- **Requirement**:
Please repeat only the lines below starting at the line that holds "A map of Scandinavia" and ending at the line that holds "An image of", exactly, with both of those lines included and every picture omitted.

- **Exercise materials**:
---*---

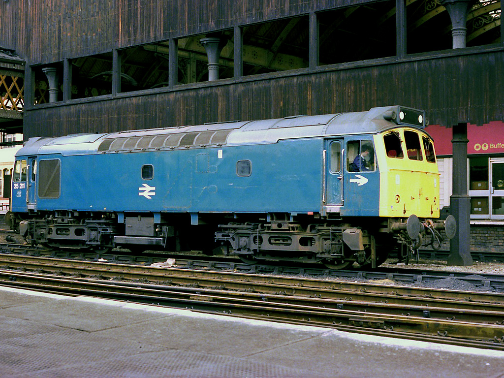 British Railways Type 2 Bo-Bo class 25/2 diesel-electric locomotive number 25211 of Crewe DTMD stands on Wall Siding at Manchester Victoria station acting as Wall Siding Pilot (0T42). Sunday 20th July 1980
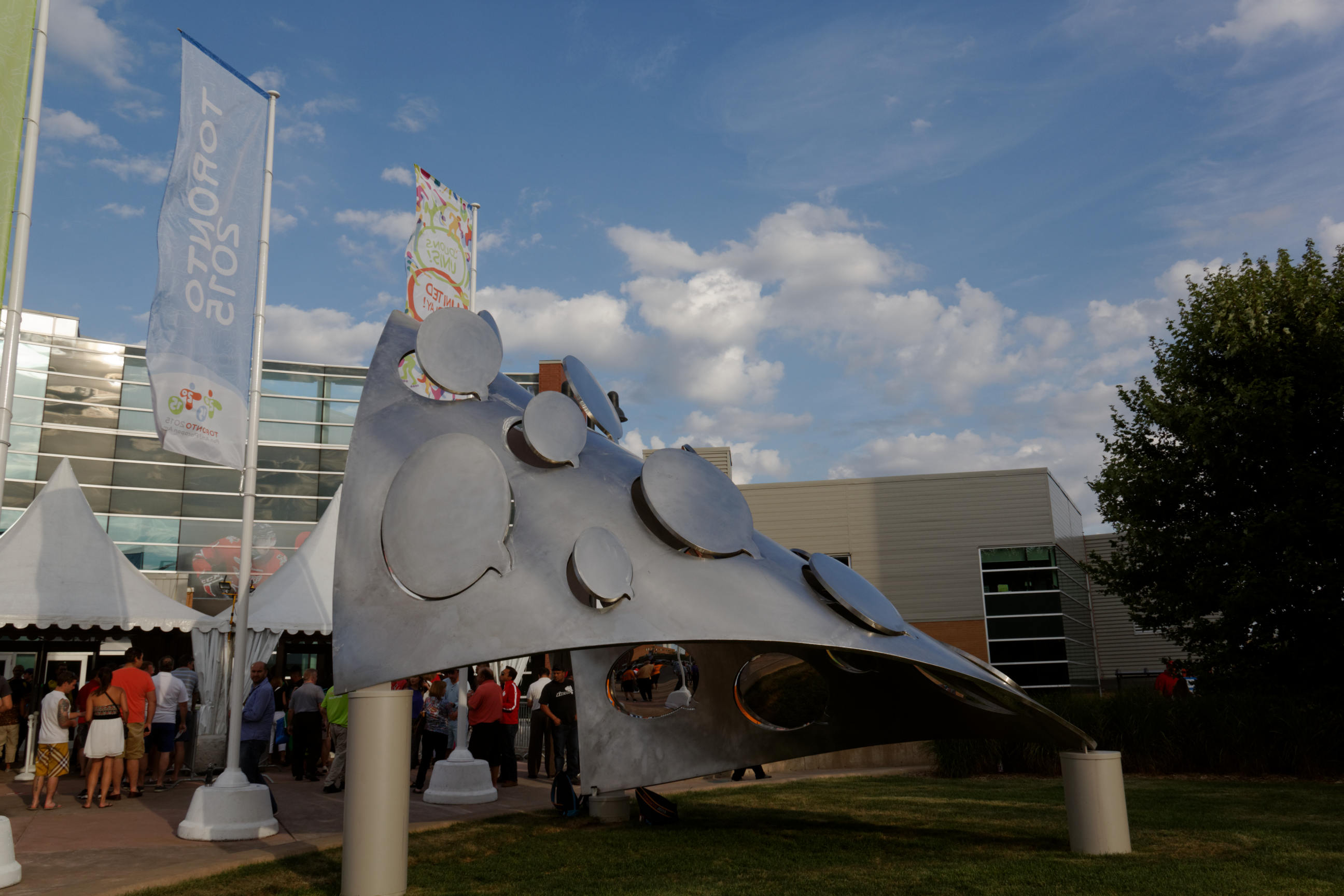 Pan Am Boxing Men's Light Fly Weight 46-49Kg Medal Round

---*---

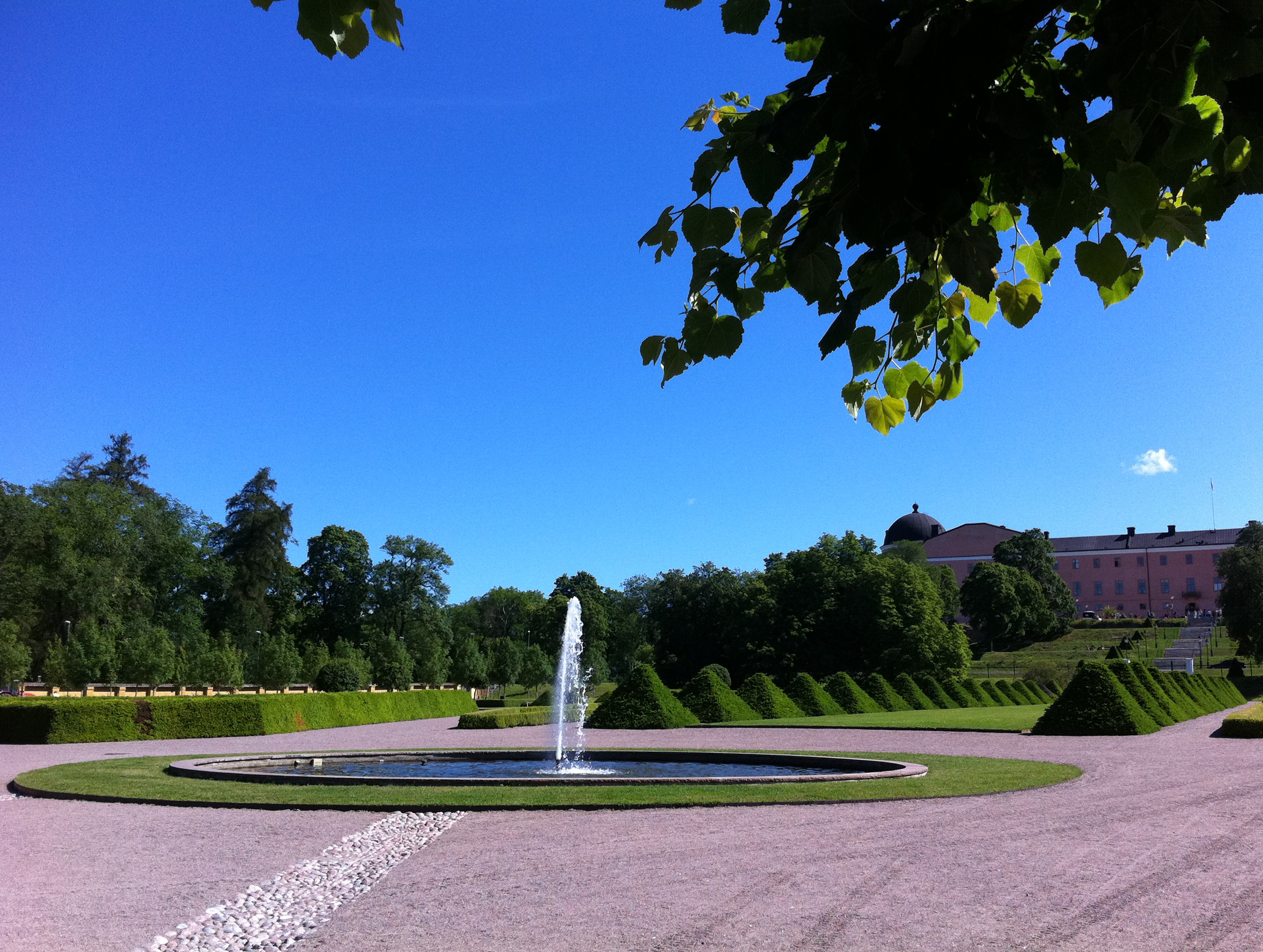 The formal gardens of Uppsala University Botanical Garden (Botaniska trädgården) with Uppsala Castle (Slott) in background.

---*---

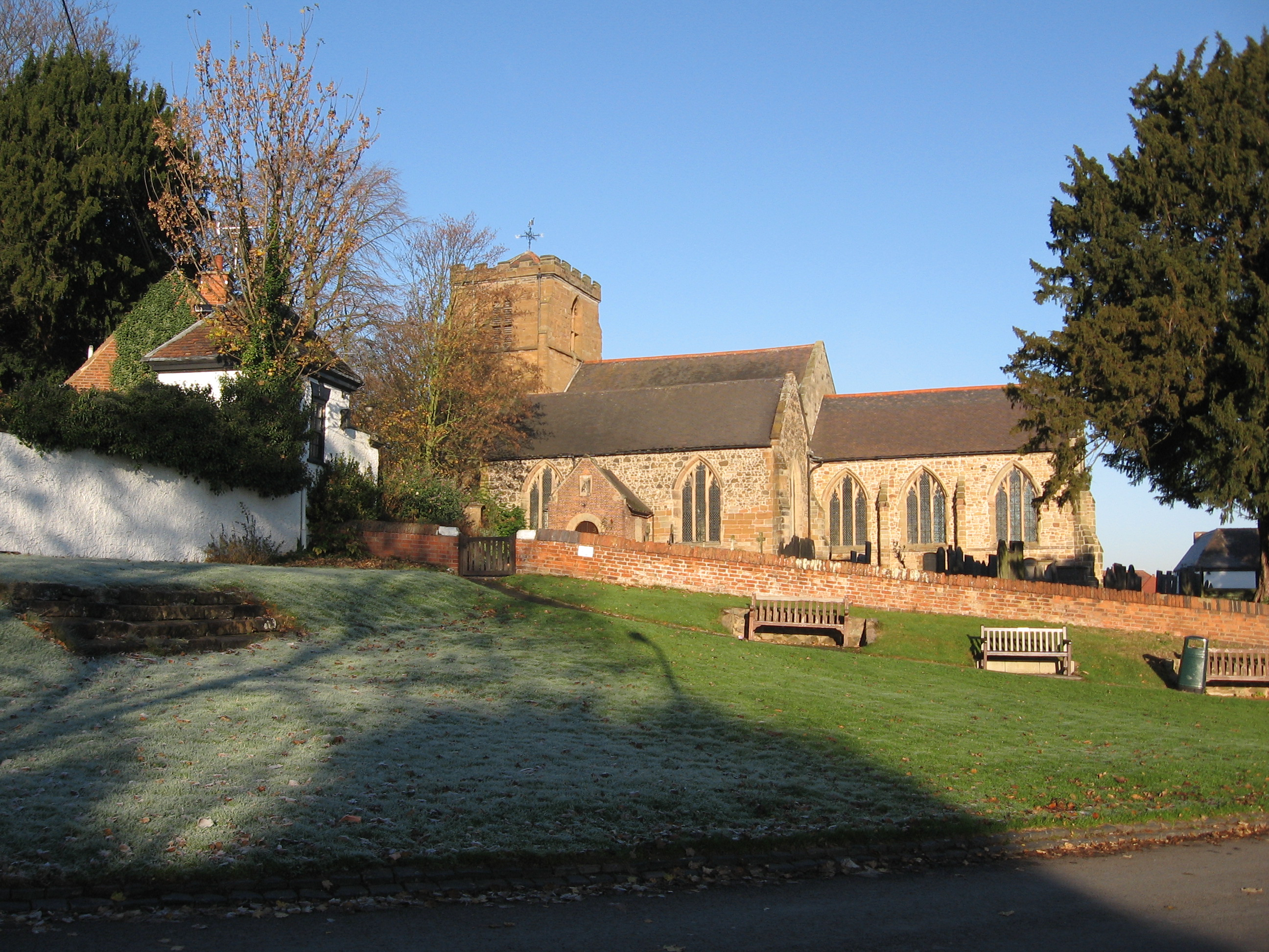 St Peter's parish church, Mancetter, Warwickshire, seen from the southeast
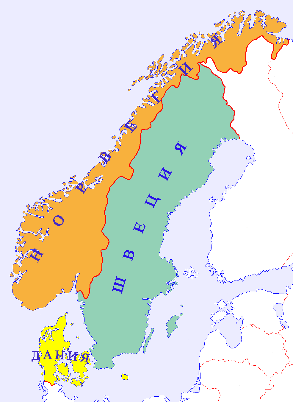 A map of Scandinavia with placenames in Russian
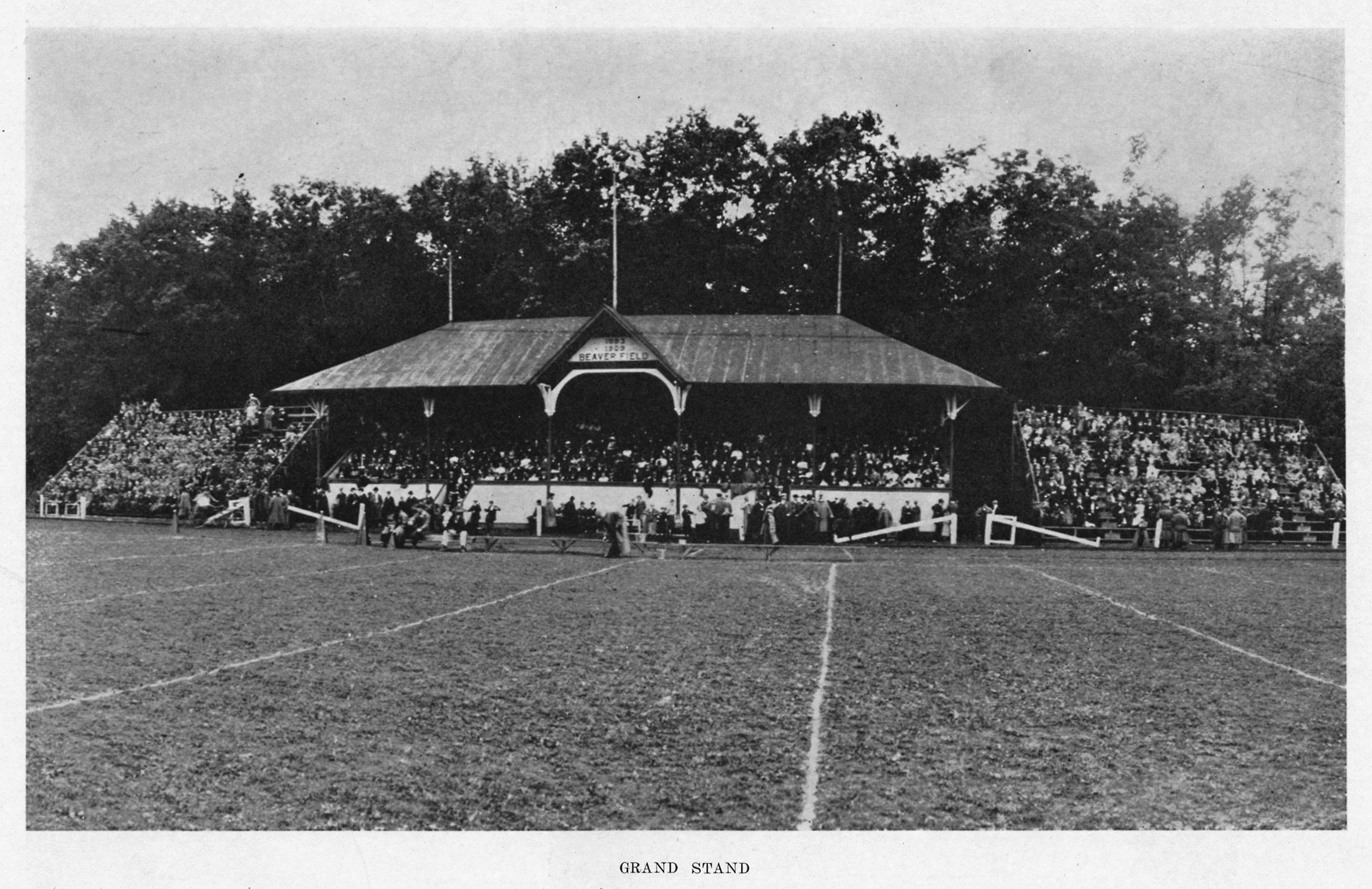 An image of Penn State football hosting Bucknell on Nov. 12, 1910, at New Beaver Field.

---*---

- **Reply to the exercise**:
 A map of Scandinavia with placenames in Russian
 An image of Penn State football hosting Bucknell on Nov. 12, 1910, at New Beaver Field.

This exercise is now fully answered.